◆ **SUPPLIED RECORDS**
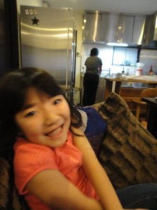 テレビがばっちし見える席に陣取って、御満悦のウリ。ダディはプーケットにビキニの撮影行ってるし、家に…
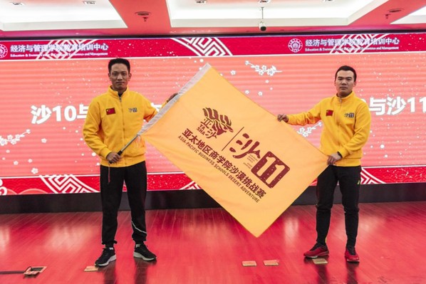 杜刚为朱志祥、许正蓓、王一鸣、佘开妍颁发了队长、领队、记者聘书。沙10队长与沙11队长举行了交接旗仪式,沙11队长朱志祥郑重地从沙10队长陈权全手中接过了亚沙的旗帜。
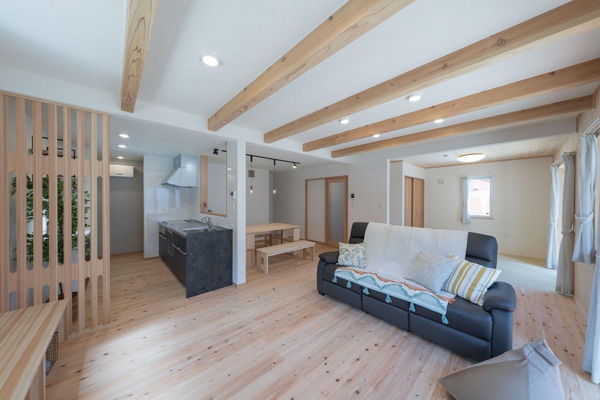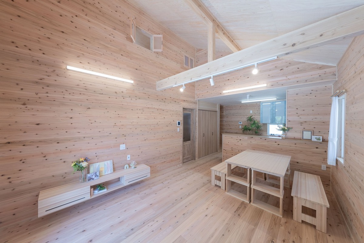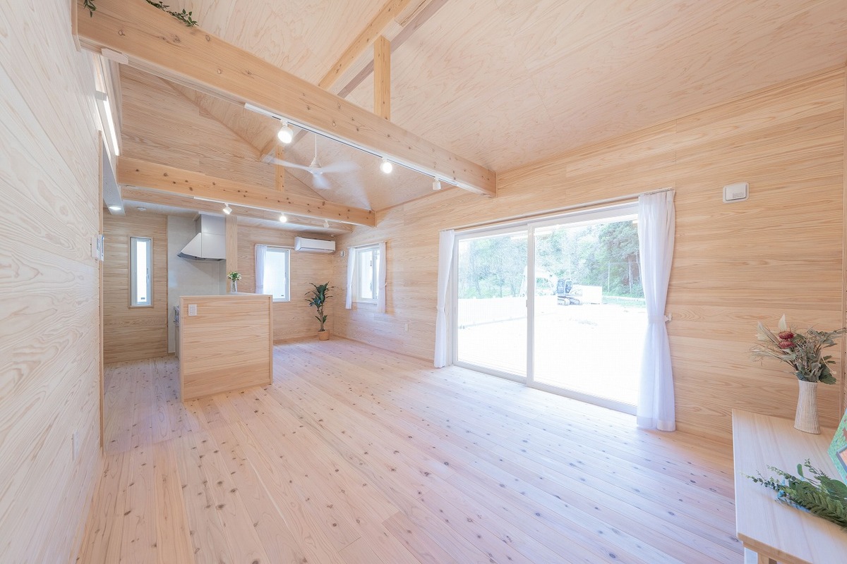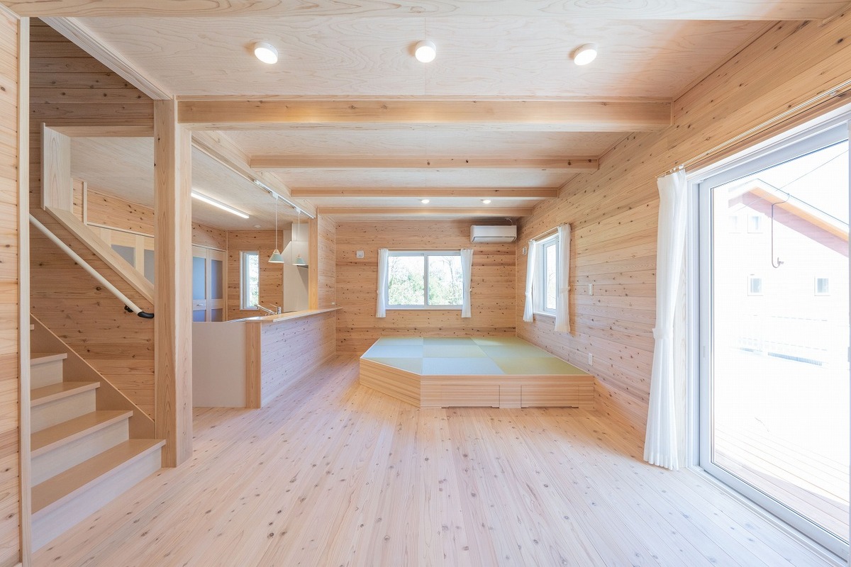 やさしい、落ち着く「木」の家。地域の無垢材でつくっています。夏はさらっとべたつかず、冬はひんやりしない、杉フローリングは素足がきもちいい!
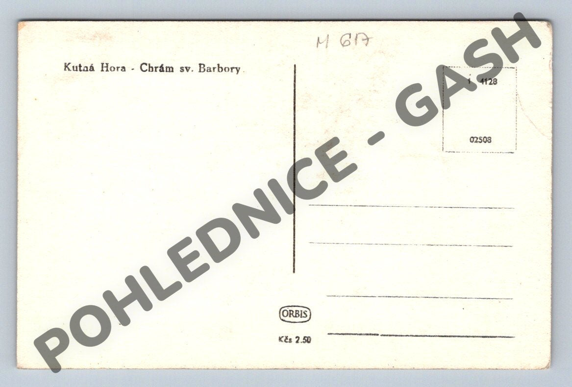Nabízím k prodeji starou pohlednici zobrazenou v černobílém provedení s krásným pohledem na Chrám svaté Barbory v Kutné Hoře. Pohlednice je vydána nakladatelstvím Orbis a zachycuje jeden z nejvýznamnějších gotických památek v České republice. Pohlednice je v zachovalém stavu, bez výraznějších poškození, ideální pro sběratele historických a architektonických pohlednic. Cena na zadní straně 2,50 Kčs naznačuje starší období vydání. Výjimečný exemplář pro milovníky historie a české architektury.
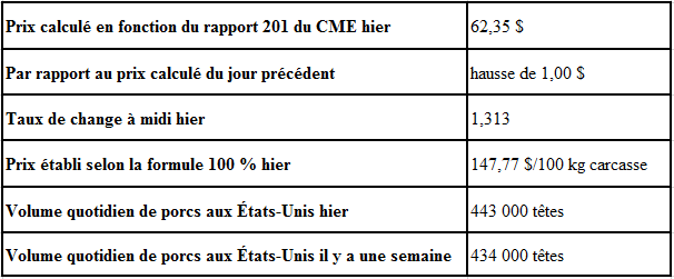 Évolution du prix des porcs castrés et des jeunes truies selon le National Daily Direct Afternoon Hog Report d’hier : hausse prévue de 0,91$ par rapport à la clôture précédente
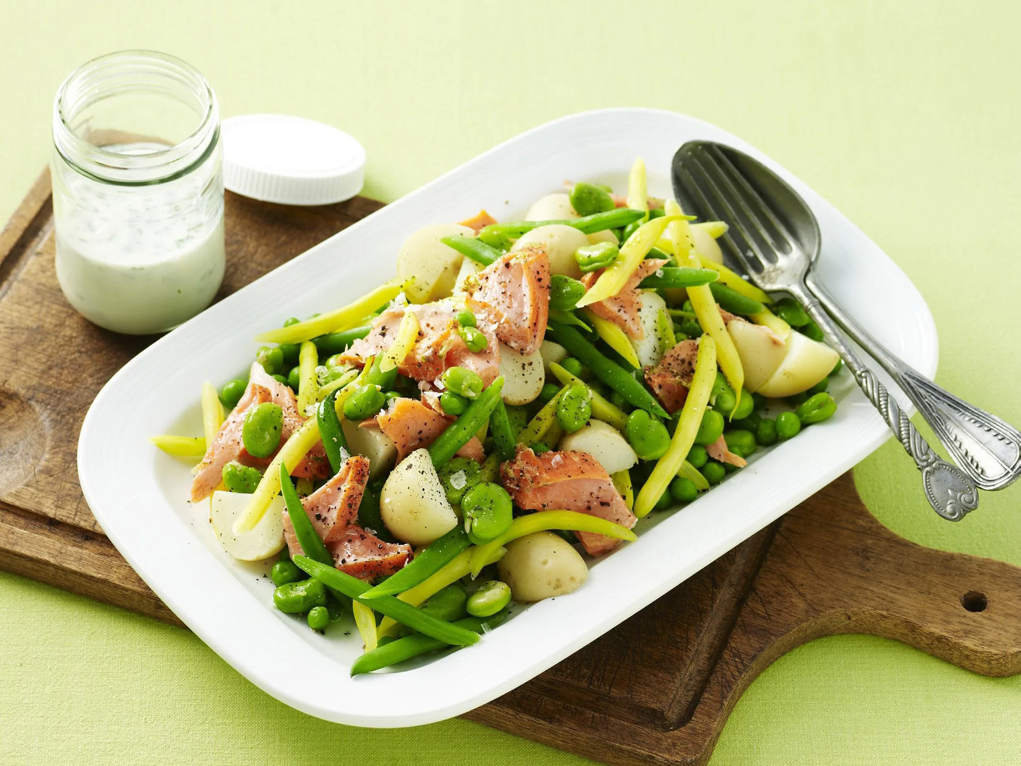 4.Combine fish with vegetables on a serving platter, drizzle over buttermilk dressing.
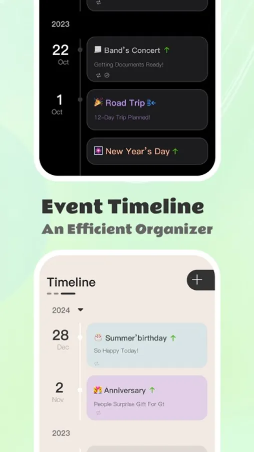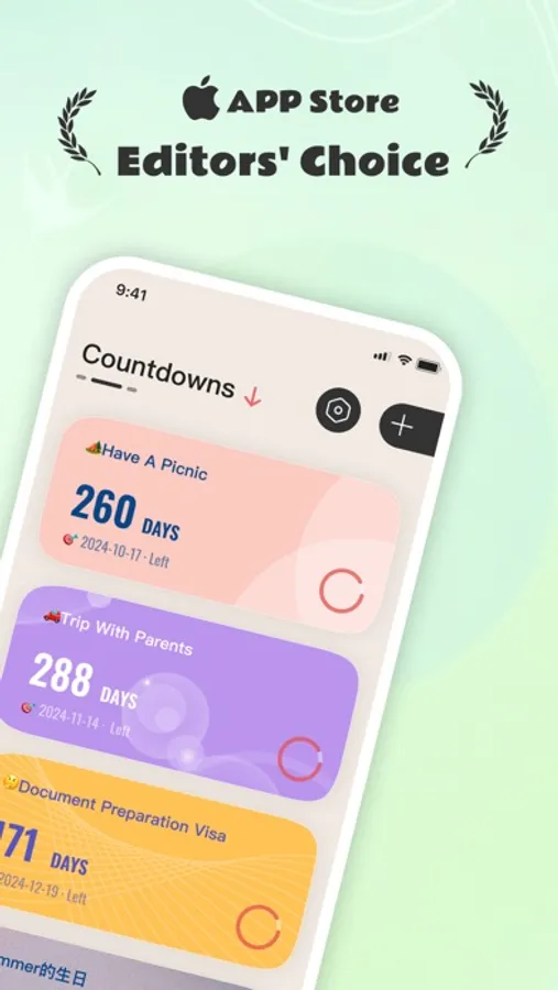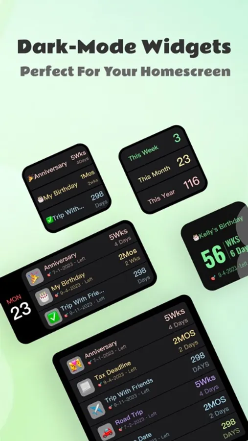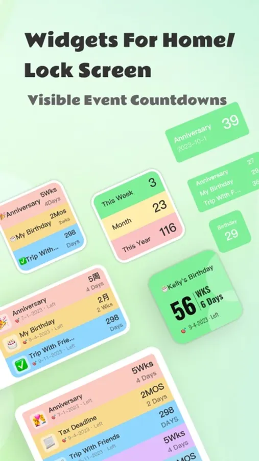 • Quickly create and track countdowns for goals, trips, births, weddings and other important events.
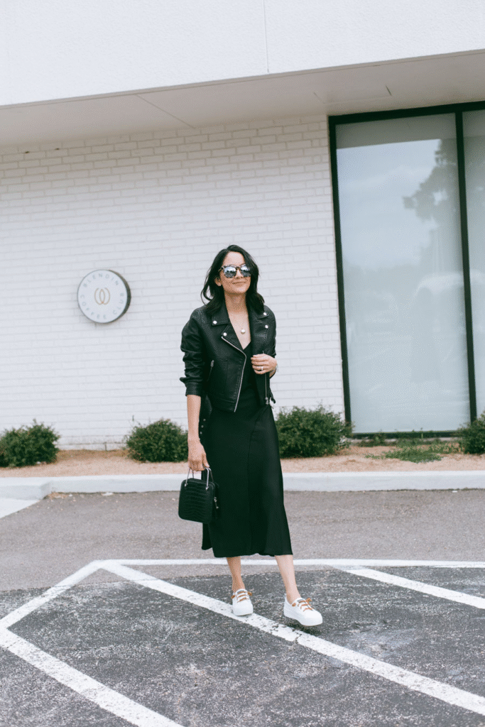 4. Slip Dress + Leather (or Faux) Moto + Sneakers
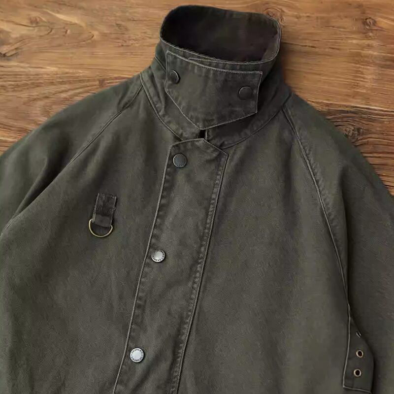 寒い時期には首元のチンストラップまで閉めて着るのも雰囲気抜群でおすすめです。
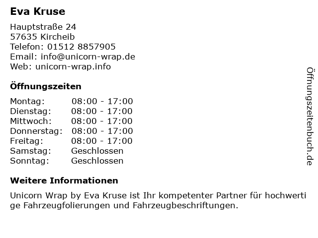 | Öffnungszeiten Eva Kruse in Kircheib anzeigen | |

◆ **ACTIVITY**
From the line containing "other important events." to the end of the data above, give those lines again verbatim, with both endpoints included and no images.

◆ **WRITTEN ANSWER**
 • Quickly create and track countdowns for goals, trips, births, weddings and other important events.
 4. Slip Dress + Leather (or Faux) Moto + Sneakers
 寒い時期には首元のチンストラップまで閉めて着るのも雰囲気抜群でおすすめです。
 | Öffnungszeiten Eva Kruse in Kircheib anzeigen | |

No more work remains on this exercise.